If server_name extension is missing, as in the above capture, you need to fix your code to use SNI.  Once you've fixed it, it should look like this: 

In any case, if you are using BC FIPS, and get an internal_error(80) while trying to connect to an Akamai Edge Server, and your TLS Client Hello doesn't contain the SNI Extension: Well, there's your problem.

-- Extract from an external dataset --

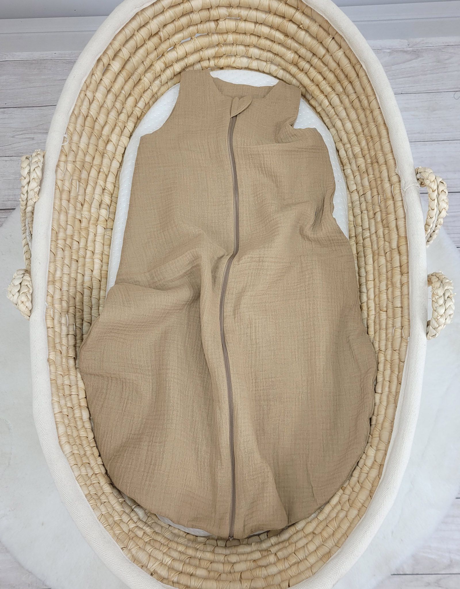 Lightweight muslin baby sleeping bag is made of durable 100% certified cotton crepe muslin. Muslin is nice and pleasant to touch. It does not irritate the delicate baby skin. At the same time it is extremely easy to use.

The nastiest code I ever wrote

Creating a mock that injects random errors into the expected responses is necessary to ensure that your server resiliency features work as intended. Doing so can be very challenging, especially if your mock has to simulate complex behavior.  FWIW, I call it a mock, because it is, but the endpoint is a test endpoint used by a production environment to verify that the server is operating correctly.

What appears below all-out wins the award for the nastiest, most evil code I've ever written that appears in a production system.

resp = ReflectionUtils.unwrapResponse(resp);
if (resp instanceof ResponseFacade rf) {
  try {
   // Drill through Tomcat internals using reflection to get to the underlying socket and SHUT it down hard.
    NioEndpoint.NioSocketWrapper w = 
      ReflectionUtils.getField(rf, "response.coyoteResponse.hook.socketWrapper", NioEndpoint.NioSocketWrapper.class);
    ReflectionUtils.attempt(() -> w.getSocket().getIOChannel().shutdownInput());  
    ReflectionUtils.attempt(() -> w.getSocket().getIOChannel().shutdownOutput());
  } catch (Exception e) {
    log.warn("Cannot access socket: {}", e);
  }
} else {
  throw new RuntimeException("Simulated Socket Reset", new SocketException("Connection Reset [simulated]"));
}

It is used for a mock endpoint developed to performance test an application that sends messages to other systems.  The purpose of this is to force a reset on the server socket being used to response to a request.  The mock endpoint receives a request, and randomly shuts down the socket to help test the resilience and performance of the main application.

This delves deeply into Tomcat internals and uses a few reflection utility functions that I wrote.

The unwrapResponse() function just gets to the inner most HttpServletResponse assuming that is the beast that is closed to Tomcat internals (in my case, it is).

public static HttpServletResponse unwrapResponse(HttpServletResponse servletResp) {
  return ((servletResp instanceof HttpServletResponseWrapper w) ?
    unwrapResponse((HttpServletResponse)w.getResponse()) : servletResp);
}

The getField() method breaks the string given as the second argument into parts around the period (.) character, and then recursively extracts the object at that field, returning it.  The last argument is the type of the object.  I'll leave this one as an exercise for the reader.  These lines of code First get the socket from socket wrapper of the action hook in the CoyoteResponse of the Response object that's backing the outermost HttpServletResponse object given in resp.

The attempt() method just calls the callable (which is allowed to throw an exception), and returns, regardless of whether or not the attempt succeeds.  This is because I don't want this code to fail.

What's inside that callable is the critical code.  That uses the socketWrapper  to get the NIOChannel, and force a shutdown on both sides of the socket.  This is the hardest I can crash an inbound connection without messing with operating system calls, and it works in Tomcat 8.5, and I'm pretty certain it will work in Tomcat 10 as well.  I'll know in a couple of days once I get done migrating.

This is truly evil code; however, it wouldn't exist without a purpose.  That is to test how the system responds when a socket goes randomly belly-up during a performance test.  Yes, this code is randomly triggered during performance testing whilst the application is attempting to make requests.  As much as possible, I've basically installed a robot walking through the server room and randomly pulling cables from the endpoint the application is trying to get to, without having any access to that room or the cables.

This is basically the code that it getting invoked by this ugliness (that link is for Java 8, I'm actually using JDK 17 and previously used JDK11).  You might find this technique useful yourself.  I find it's a lot better than having to pull my wired connection a dozen or more times for my weekly performance test.  Yes, this runs in a scheduled automated test at least once a week.